Infine, acquisire immagini di fluorescenza dipendenti dal pH e conservarle per le analisi successive. Analizzare i dati come prima per valutare il comportamento in vitro della fluoresceina e della rumina. Caricato sul riproduttore, è stata eseguita una titolazione del pH utilizzando un fluorimetro.

Questa figura mostra una titolazione tipica di un sensore di pH. La fluoresceina e la rumina possono essere eccitate separatamente rispettivamente a 488 nanometri e 550 nanometri, consentendo una diafonia minima tra i due canali, come si può vedere chiaramente. La fluoresceina mostra un comportamento dipendente dal pH mentre il segnale R domino non cambia significativamente nell'intervallo fisiologico del pH.
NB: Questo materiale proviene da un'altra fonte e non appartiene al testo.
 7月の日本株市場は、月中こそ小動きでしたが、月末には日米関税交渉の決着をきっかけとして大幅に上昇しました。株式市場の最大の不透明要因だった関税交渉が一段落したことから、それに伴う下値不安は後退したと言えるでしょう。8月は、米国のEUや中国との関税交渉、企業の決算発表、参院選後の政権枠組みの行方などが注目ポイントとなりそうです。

Pertanto, il rapporto di questi due segnali non dipende dalla concentrazione del sensore, ma solo dal pH. Successivamente, per fornire l'indicatore, le cellule hela intracellulari sono state elettroporate con i sensori dederer ed è stato eseguito l'imaging confocale come descritto in questo video. Queste immagini confocali mostrano le cellule nel canale della fluoresceina a sinistra, il canale R domine al centro e visualizzate come una mappa metrica del rapporto pH a destra.

Si osservano forti segnali di fluoresceina e r domine, che colocalizzano dimostrando l'integrità della struttura del sensore. Una mappa metrica di rapporto viene ricostruita dividendo le due immagini pixel per pixel ed è rappresentata con una pseudo scala di colori. Per calibrare la risposta del sensore all'interno delle celle, è stato eseguito il clampaggio del pH con ionofori come mostrato qui.
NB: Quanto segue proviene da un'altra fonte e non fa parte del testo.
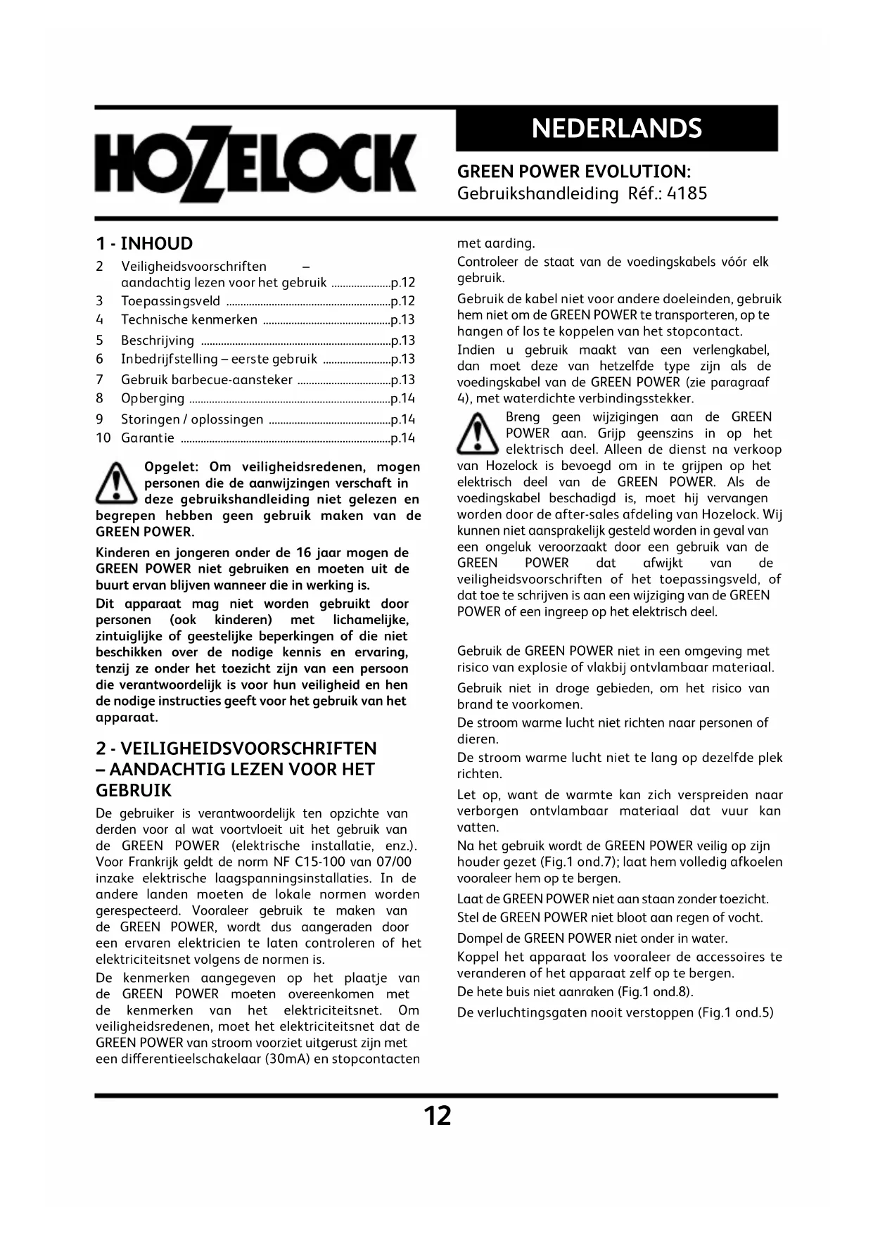 2 Veiligheidsvoorschriften – aandachtig lezen voor het gebruik .....................p.12 3 Toepassingsveld ..........................................................p.12 4 Technische kenmerken .............................................p.13 5 Beschrijving ...................................................................p.13 6 Inbedrijfstelling – eerste gebruik ........................p.13 7 Gebruik barbecue-aansteker .................................p.13 8 Opberging .......................................................................p.14 9 Storingen / oplossingen ...........................................p.14 10 Garantie ..........................................................................p.14 Opgelet: Om veiligheidsredenen, mogen personen die de aanwijzingen verschaft in deze gebruikshandleiding niet gelezen en begrepen hebben geen gebruik maken van de GREEN POWER. Kinderen en jongeren onder de 16 jaar mogen de GREEN POWER niet gebruiken en moeten uit de buurt ervan blijven wanneer die in werking is. Dit apparaat mag niet worden gebruikt door personen (ook kinderen) met lichamelijke, zintuiglijke of geestelijke beperkingen of die niet beschikken over de nodige kennis en ervaring, tenzij ze onder het toezicht zijn van een persoon die verantwoordelijk is voor hun veiligheid en hen de nodige instructies geeft voor het gebruik van het apparaat.
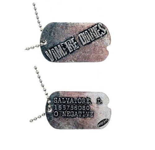 -. Binding : Toy -. Brand : Vampire Diaries -. EAN : 0609456845359 -. Model : Slavatore, D. Dog Tag -. MPN : 63447 -. PackageQuantity : 1 -. PartNumber : 63447 -. ProductGroup : Toy -. ProductTypeName : TOYS_AND_GAMES -. Title : Vampire Diaries Salvatore D. Dog Tag Necklace TV Show -. UPC : 609456845359
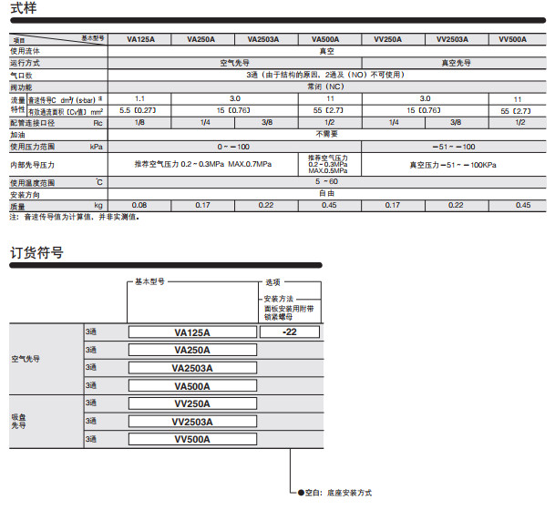 VA125A,VA125A-22,VA250A,VA2503A,VA500A,VV250A,VV2503A,VV500A,先導(dǎo)真空閥
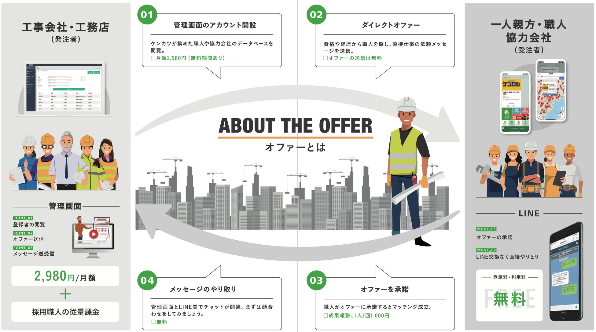 こういったオファーを送る候補者が多ければ多いほどシフトが埋まる可能性は上がります。働き手となる建設職人を公式LINEに集約し、一斉送信やダイレクトオファーを用いて建設会社と引き合わせる人材マッチングの仕組みとして「ケンカツ」を開発しました。
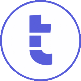 An animated sticker featuring a stylized blue 't' logo, representing cryptocurrency and blockchain technology.
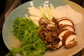 水菜を使いたいので、野菜は水菜、葱、椎茸、舞茸、大根。豆腐はあったけどやめておきました。
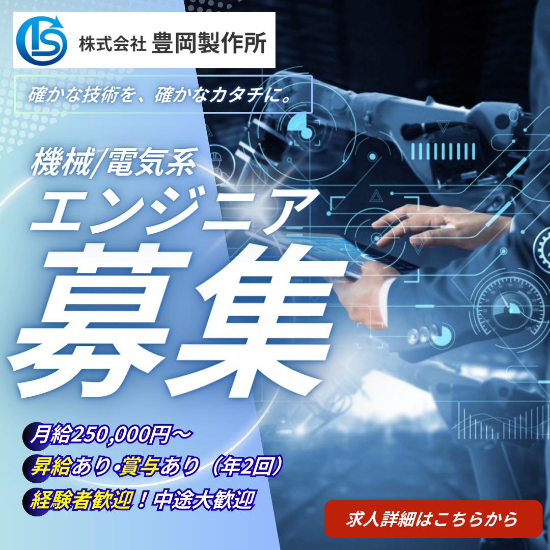 工学系の高校、専門学校、大学卒、職業能力開発大学校且つ、産業用機械製造メーカーでの経験をお持ちの方 |
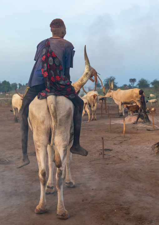 Mundari tribe man riding a long horns cow, Central Equatoria, Terekeka, South Sudan
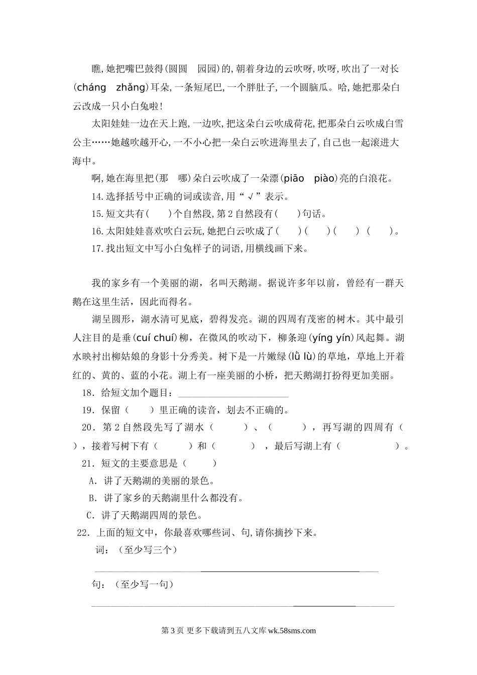 2021年部编版二年级语文下册课外阅读专项练习题及答案.doc_第3页
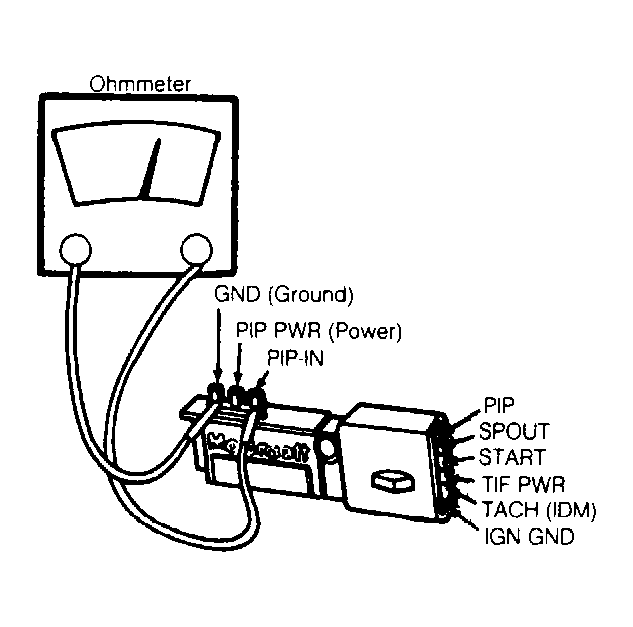 Remove distributor. Remove TFI module from distributor. Measure resistance between TFI-IV module terminals with ohmmeter. See Fig 1 and TFI-IV MODULE RESISTANCE table. If resistance is NOT as specified, replace TFI-IV module.

Gli indicatori rispondono prontamente al pH con una variazione del rapporto verde-rosso. I dati risultanti sono stati utilizzati per generare una curva di calibrazione per misure accurate del pH. L'andamento lineare nella calibrazione dimostra la capacità del sensore di rispondere al pH senza alcuna perturbazione dall'ambiente cellulare.

Per dimostrare come i sensori basati su dendri possano essere impiegati per l'imaging in vivo, l'imaging del pH è stato eseguito nel cervello di un dendri o di un topo anestetizzato iniettato. I segnali di fluoresceina e r domino sono stati ottenuti simultaneamente con un'eccitazione di 820 nanometri e la mappa del rapporto è stata costruita su una base pixel per pixel simile alle misurazioni delle cellule vive. In particolare, gli indicatori si localizzano nello spazio extracellulare, le aree non fluorescenti nell'immagine identificano i corpi cellulari o i piccoli vasi sanguigni per verificare la risposta del sensore al pH.

Abbiamo impiegato l'uso dell'ipercapnea. Infatti, è noto che l'anidride carbonica altera l'equilibrio dei tamponi carbonato nel sangue e nei tessuti, con conseguente acidificazione del tessuto. Come si vede in questo grafico, l'inalazione del 30% di anidride carbonica è sufficiente per indurre una forte risposta del sensore che è completamente reversibile al momento della ventilazione del mouse.

Questi risultati dimostrano il potenziale dei sensori basati su ofer per evidenziare i cambiamenti fisiologici e patologici del pH nelle cellule viventi e in vivo. R, la nostra procedura è compatibile con altre misurazioni come le registrazioni elettrofisiologiche. Ciò ha permesso di ottenere contemporaneamente informazioni complementari sul processo biologico in corso.

Questo metodo, dopo il suo sviluppo, ha aperto la strada ai ricercatori in biologia cellulare e neurobiologia per esplorare i processi regolati dal pH nelle cellule di coltura e in vivo.